THE TELEGRAPH ALWAYS A MIRACLE. [1865.

CHAPTER XLII.

ON a December afternoon I left San Francisco by a little steamer which plies across the bay and winds up Petaluma creek or bayou -a channel crooked as a corkscrew, and often too narrow for a boat to turn around in, or for one to pass another.

Spending the night at Petaluma, the head of navigation, I strolled into the telegraph office for an evening chat with Dr. Lovejoy, the superintendent—a relative of Elijah P. Lovejoy, who was murdered by a mob at Alton Illinois in 1837, be cause he persisted in discussing slavery through his weekly religious newspaper. . Now, when we go all over the world to find marble white enough for those who fell later, why have we no memorial of that young hero who gave the flower of his days, capacity of high order, and finally life itself, in defense of the right to speak and to print?

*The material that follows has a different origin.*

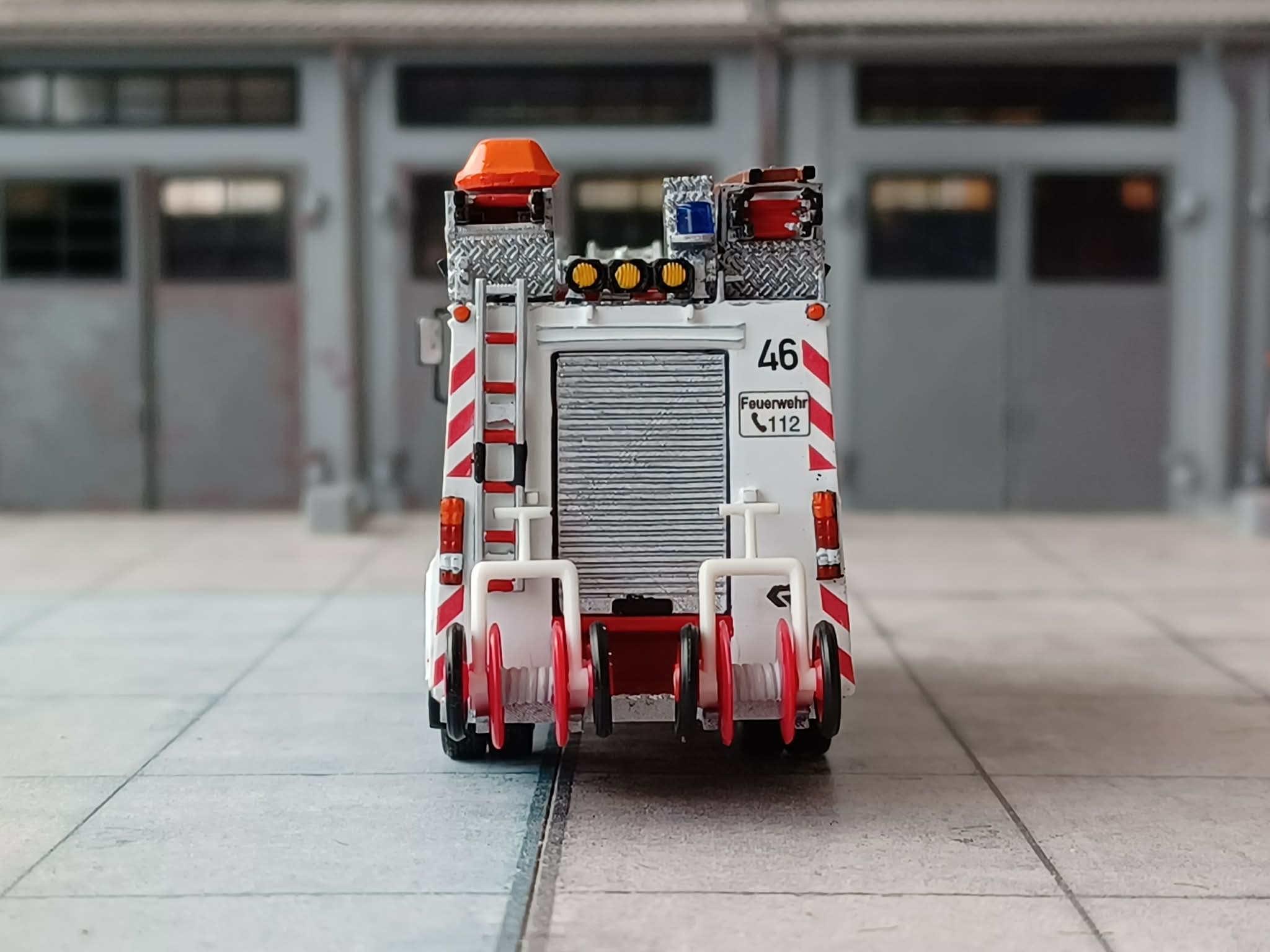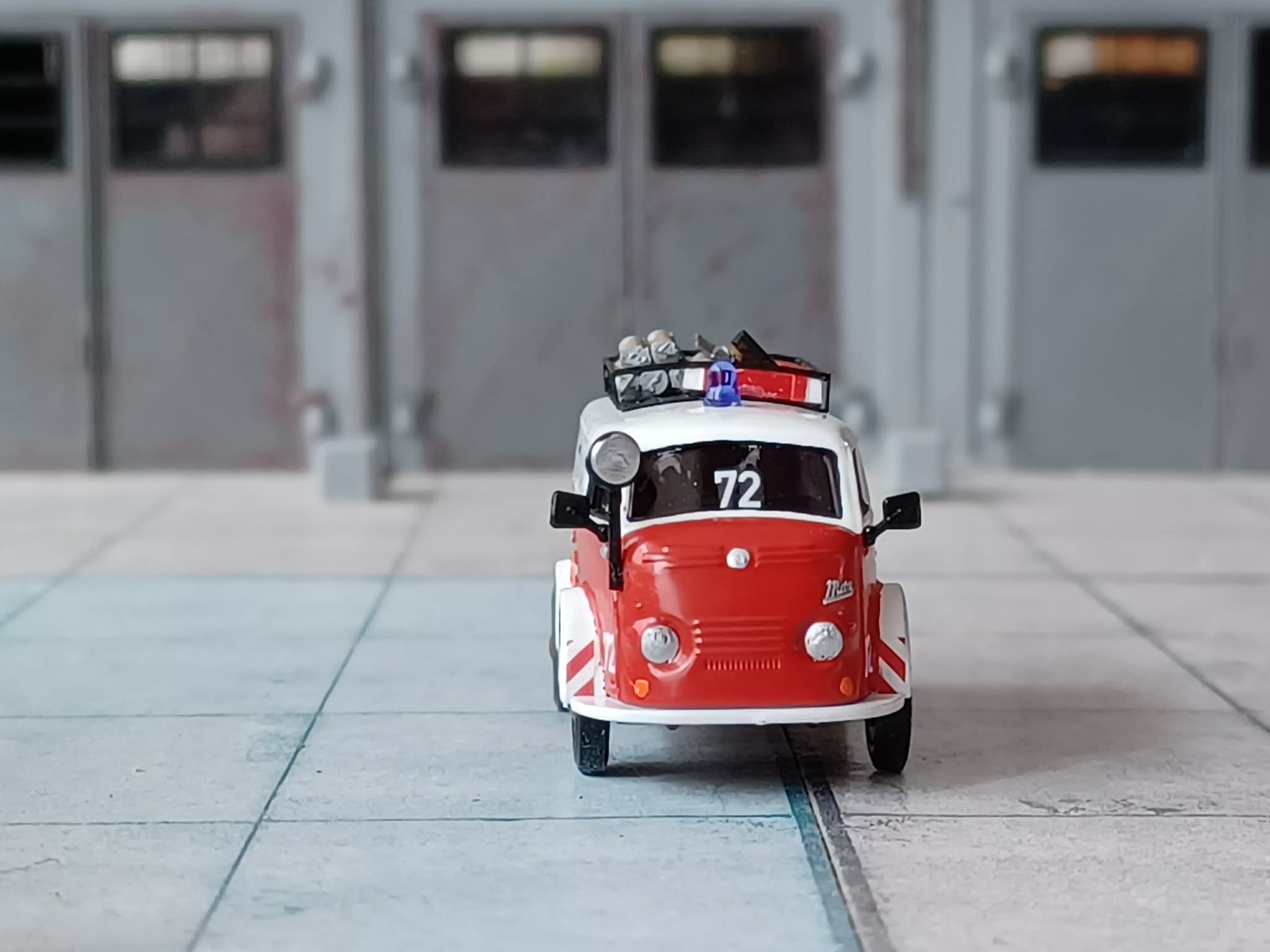 1945 wurde aus den Beständen der Feuerschutzpolizei ein Lastkraftwagen übernommen und in den Werkstätten umlackiert. Aufgebaut auf meinem Mercedes-Benz L3000 ist dieser noch bis Mitte der 60er Jahre gefahren und dann verkauft worden. Meist wurde das Fahrzeug zum Transport von Brennstoffen oder sonstigen Materialien benutzt und war fast nie auf Einsatzfahren zu sehen. Bemerkenswert ist auch das die ursprünglichen blauen Blinkleuchten nie getauscht wurden. Das Modell entstand aus einem 3D Druck Bausatz von Tim Voges sowie einigen Kleinteilen und Decals

During our conversation, the operator, hearing a misdirected dispatch for me passing over the wires to Healdsburg, caught it on the wing, and transcribed it. The telegraph is a perpetual miracle. No familiarity however long, makes it prosaic. How rarely its confidences are violated! Yet daily the most important and delicate messages are sent for thousands of miles, where every operator on the line may hear them passing.

To what curious skill it trains the ear! An expert telegrapher stands in the middle of a room where twenty instruments are tapping out messages from as many different places, and easily reads by sound, any one of them, not in the least confused by the rest. Once, in a disagreement, the Cincinnati Gazette was cut off from the dispatches of the Associated Press. But still when important news came over the wires, the Gazette always obtained and printed it.